Cross-correlations in scaling analyses of phase transitions
Martin Weigel, Wolfhard Janke

TL;DR
This paper highlights the importance of accounting for cross-correlations in scaling analyses of phase transitions, proposing an improved method that reduces statistical fluctuations without extra computational cost.
Contribution
It introduces a simple extension to conventional scaling analysis methods that accounts for cross-correlations, improving estimator accuracy.
Findings
Cross-correlations often cause underestimation of fluctuations in scaling analyses.
The proposed method effectively reduces statistical fluctuations in estimates.
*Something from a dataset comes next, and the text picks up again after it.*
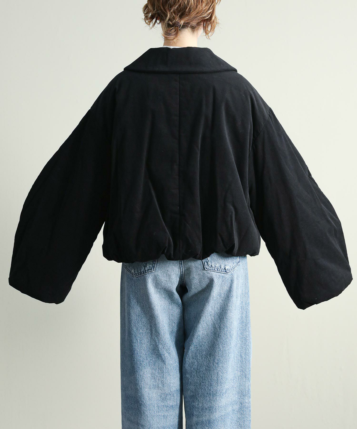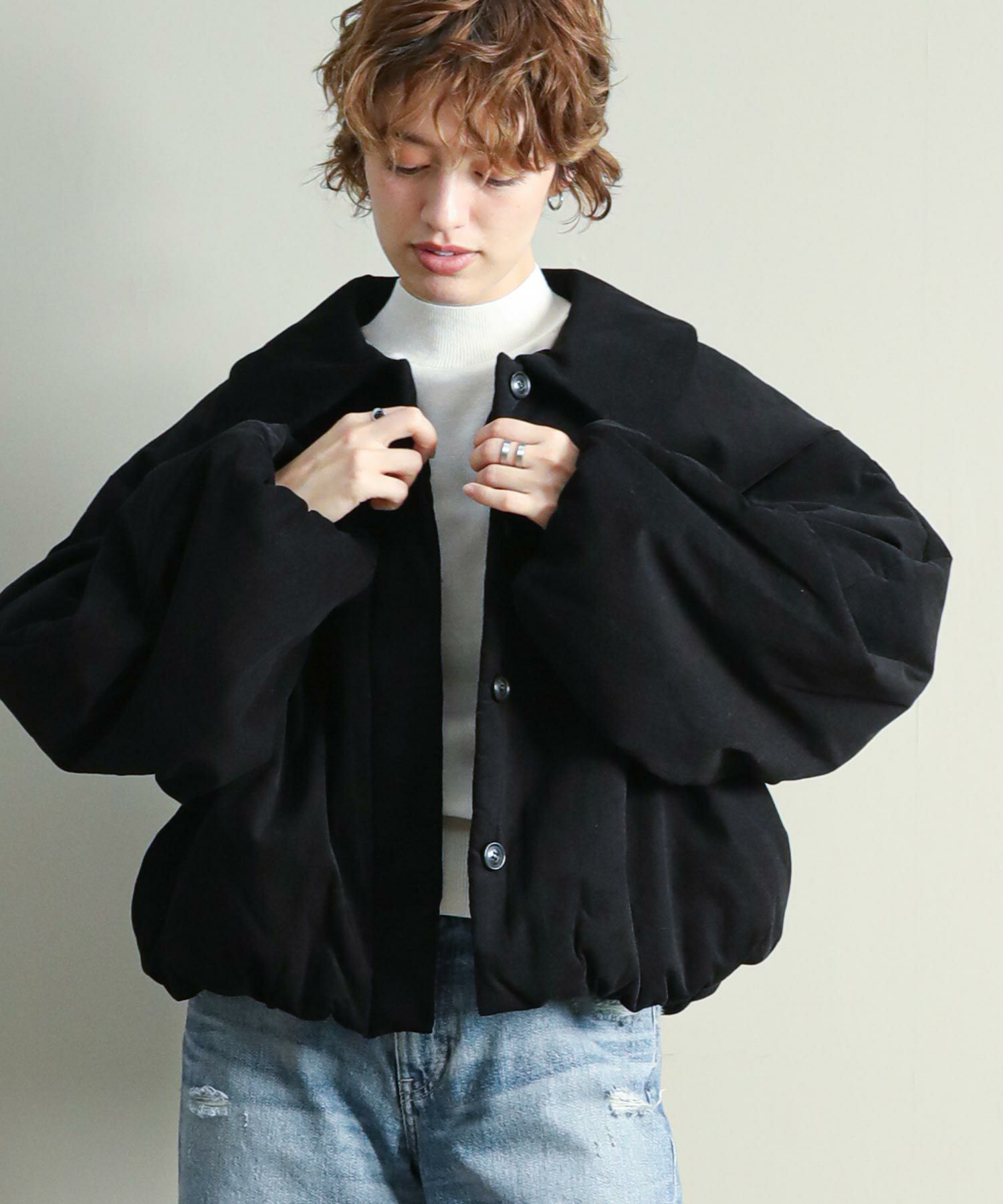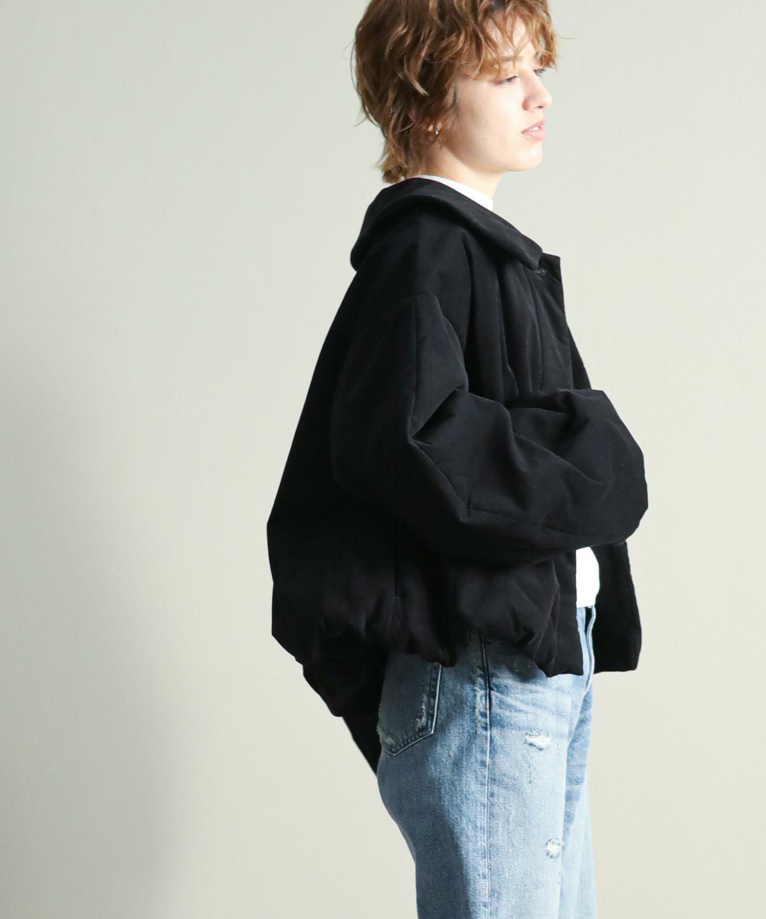 中綿入りなので軽量かつ通気性もありながら保温性にも優れており、気温の下がるこれからの季節にぴったりです。顔まわりを華奢に見せる大きめの襟と、MANOFらしいラウンドした袖のシルエットがポイント。裾と袖口のギャザーがニュアンスあるディテール。比翼仕立てで可愛らしくなりすぎず、大人っぽいスタイリングにマッチするデザインです。ショート丈なのでボリュームのあるワイドパンツやカーゴパンツ、ワンピースにも合わせやすいバランスで、ロングシーズン着用していただける一着です。
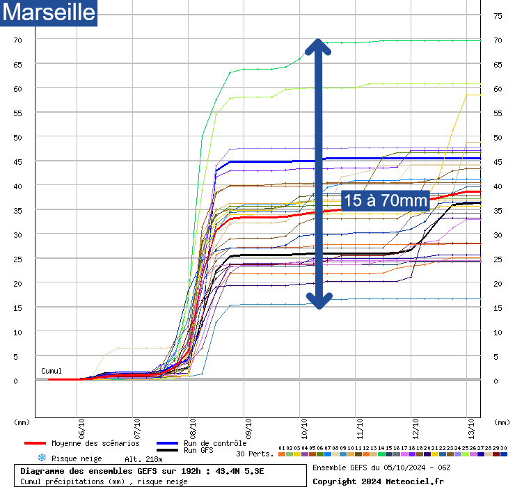 A Marseille, des cumuls de 15 à 70mm sont attendus, avec une médiane située autour de 35mm.

Implementation requires minimal additional computational effort.
Abstract
Thermal or finite-size scaling analyses of importance sampling Monte Carlo time series in the vicinity of phase transition points often combine different estimates for the same quantity, such as a critical exponent, with the intent to reduce statistical fluctuations. We point out that the origin of such estimates in the same time series results in often pronounced cross-correlations which are usually ignored even in high-precision studies, generically leading to significant underestimation of statistical fluctuations. We suggest to use a simple extension of the conventional analysis taking correlation effects into account, which leads to improved estimators with often substantially reduced statistical fluctuations at almost no extra cost in terms of computation time.